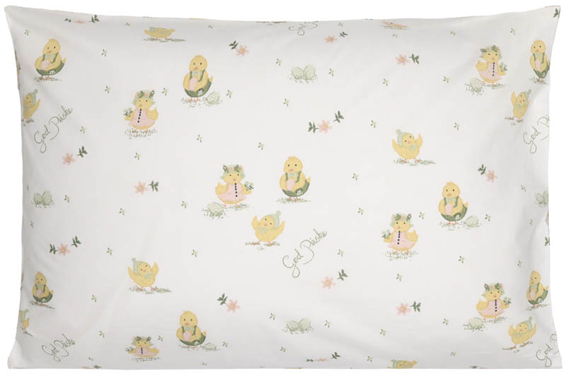 Enkelt putevar til standard hodepute, dekorert med påskekyllinger i en myk, nostalgisk illustrasjonsstil, med små blomsterdetaljer i dempede pastellfarger. Det myke bomullsstoffet gir en behagelig følelse mot huden, og motivet tilfører et lett påskepreg på soverommet.
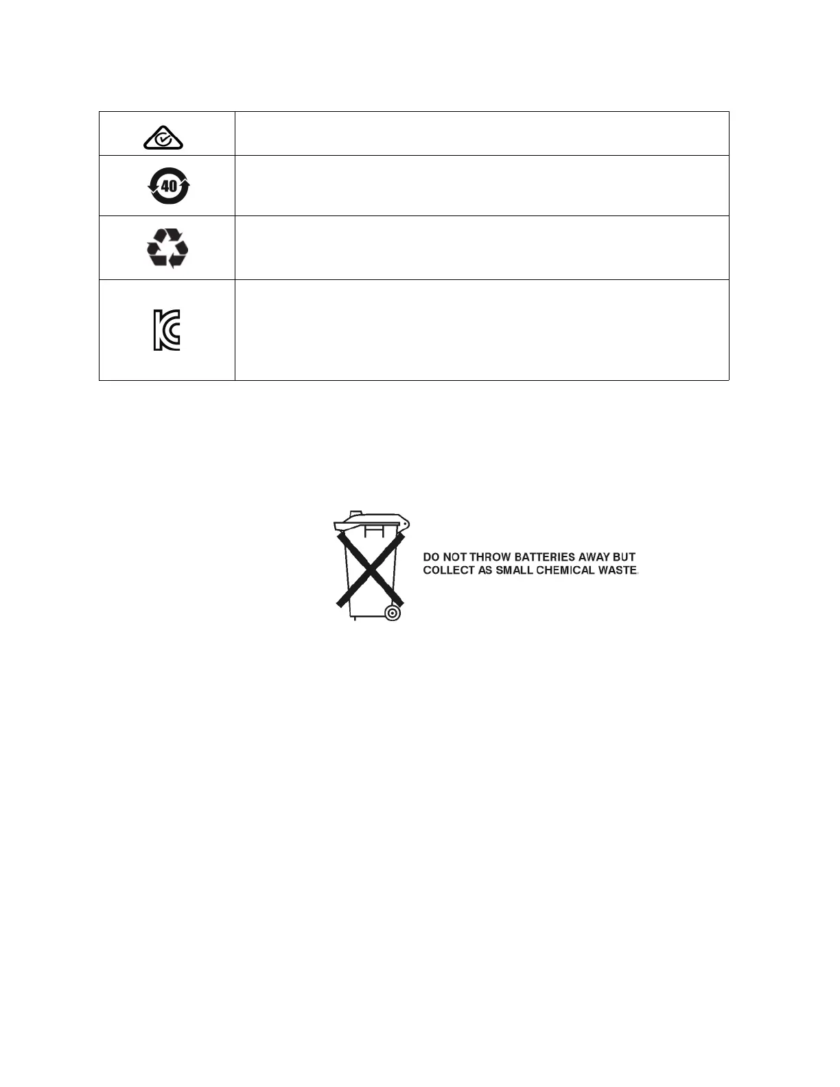 This symbol on all primary or secondary packaging indicates compliance to China standard GB
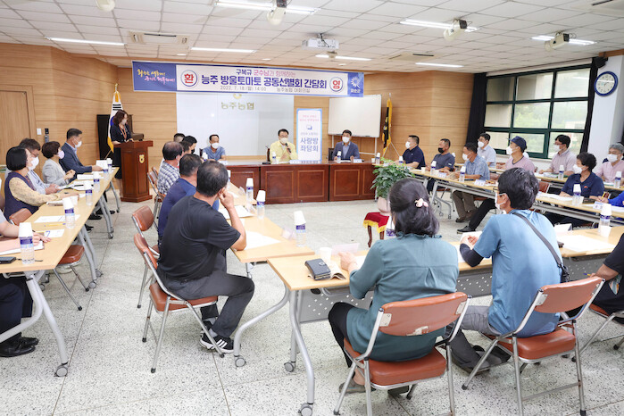 | ▲ 18일 능주농협에서 능주 방울토마토 공동선별회와 사랑방 좌담회를 하고 있는 구복규 화순군수.(사진=화순군) |

+---+

# Goal of the exercise
Your copy should hold exactly and only the lines from the one containing "This symbol on" through the end of the material, inclusive, repeated word for word and without pictures.

# Task answer
 This symbol on all primary or secondary packaging indicates compliance to China standard GB
 | ▲ 18일 능주농협에서 능주 방울토마토 공동선별회와 사랑방 좌담회를 하고 있는 구복규 화순군수.(사진=화순군) |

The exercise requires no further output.